Он так и не нашел, с чем сравнить.

– Не беда, проходите, – сказала женщина и зябко поежилась, хотя и было накинуто пальто на ее плечи.

Михаил Федорович осторожно сел на краешек кушетки, поискал глазами, куда ткнуть окурок, – женщина пододвинула ему пепельницу и сама закурила – тонкую душистую сигаретку из пачки с иностранным названием.

– Смотрела я вашу жену, – заговорила женщина. – Сказать что-то определенного не могу пока. Сделаем анализы, созовем консилиум, посоветуемся – тогда точно скажем.

– Это сколько же ждать-то?

– Дня два-три.

– А меньше никак нельзя? – спросил огорченный Михаил Федорович. – До завтрашнего вечера я бы задержался, а больше никак не могу, и так еле лошадь у бригадира выпросил.

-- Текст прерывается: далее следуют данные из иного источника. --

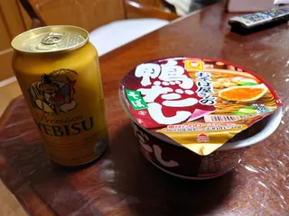 年越しそば 今年のシメは、ヱビスと鴨だしそば。皆様、今年も一年お疲れ様でした!

– Я понимаю, – сочувственно сказала женщина. – Но меньше никак нельзя. Случай серьезный. Я предполагаю, что у нее язва желудка – и очень тяжелая, запущенная. Раньше она обращалась к врачам?

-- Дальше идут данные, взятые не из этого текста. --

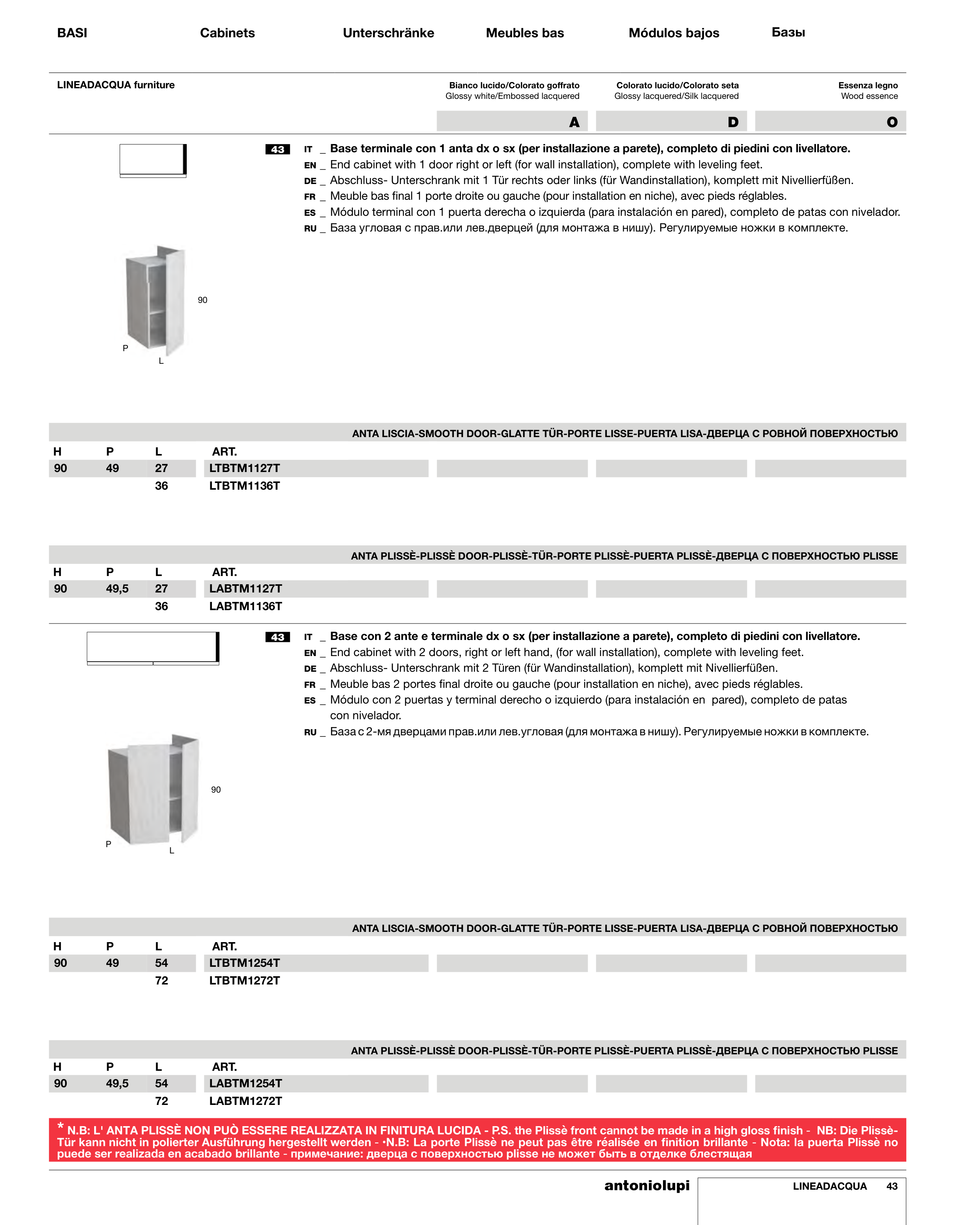 * N.B: L' ANTA PLISSÈ NON PUÒ ESSERE REALIZZATA IN FINITURA LUCIDA - P.S. the Plissè front cannot be made in a high gloss finish - NB: Die Plissè-

– Да прошлой осенью была здесь.

– У кого, не знаете?

– Не знаю.

– И что сказали ей?

– Да что сказали... Поменьше работать, тяжестей не поднимать, больше лежать... Диету какую-то прописали.

– Но она, конечно, ничего этого не делала?

Михаил Федорович страдальчески поморщился, потянулся за папиросой.

– Дак сами посудите, как она могла это делать? Все ведь хозяйство на ней. Из меня работник никудышный, сам себя не прокармливаю. Инвалид полный... А у нас же семья, детишки...

– Да... – протянула врач. – Это все понять можно. Организм у нее настолько изношен, что остается только удивляться, как она до сих пор держалась.

– Она ведь всю войну одна с ребятишками, а после войны так еще хуже – я все больше по санаториям и больницам валялся, тубуркулез у меня такой был, что чуть не помер. А ей ведь все на себе пришлось вынести...

Михаил Федорович замолчал, придумывая, чем бы еще оправдаться. Да что тут было оправдываться? Он и без того работал так, что в обмороки падал, да вся беда в том, что работы этой было с воробьиный нос.

– Будем, вероятно, оперировать ее, – сказала женщина. – Но как бы ни было, никакой, даже чуть-чуть тяжелой работы ей уже никогда нельзя делать. Поймите это.

– Как не понять... – тихо сказал Михаил Федорович.

– Иначе она долго не проживет. Я понимаю, и вам тяжело, но тут уж выбирать не приходится. Дети взрослые, наверно? Пусть они помогают.

– Да какая с них помощь? Две старших дочери замужем, детишки у обоих – что с них возьмешь? Остальным и самим помогать надо – одна в техникуме учится, другая – в училище, на повара, двое дома – пацану и четырнадцати нет, а девчонка совсем малец – девять годов... Кому же помогать-то? У меня пенсия, да какая в колхозе пенсия, небось и сами знаете.

– Знаю, – вздохнула женщина.

Михаил Федорович видел, что все его беды она понимает, сочувствует ему – и говорит все это только потому, что должна сказать, каковы дела Анны Матвеевны.

Она встала, поднялся и Михаил Федорович.

– Вы здесь заночуете? Есть у вас где остановиться?

– Да есть тут у меня кум, к нему поеду... Завтра когда сюда можно?

– Часам к десяти, не раньше. Но ничего нового я не смогу вам сказать.

– Это я понимаю... Тогда уж еще раз приеду, а не то сына пришлю. Вы уж расскажите ему все как есть, он мальчишка башковитый, лучше меня все поймет.

– Ну, там посмотрим... А пока – до свиданья.

Женщина протянула ему тонкую слабую руку – Михаил Федорович осторожно подержал ее, и опять устыдился своих мозолей, грязных ногтей, желтых от табака пальцев.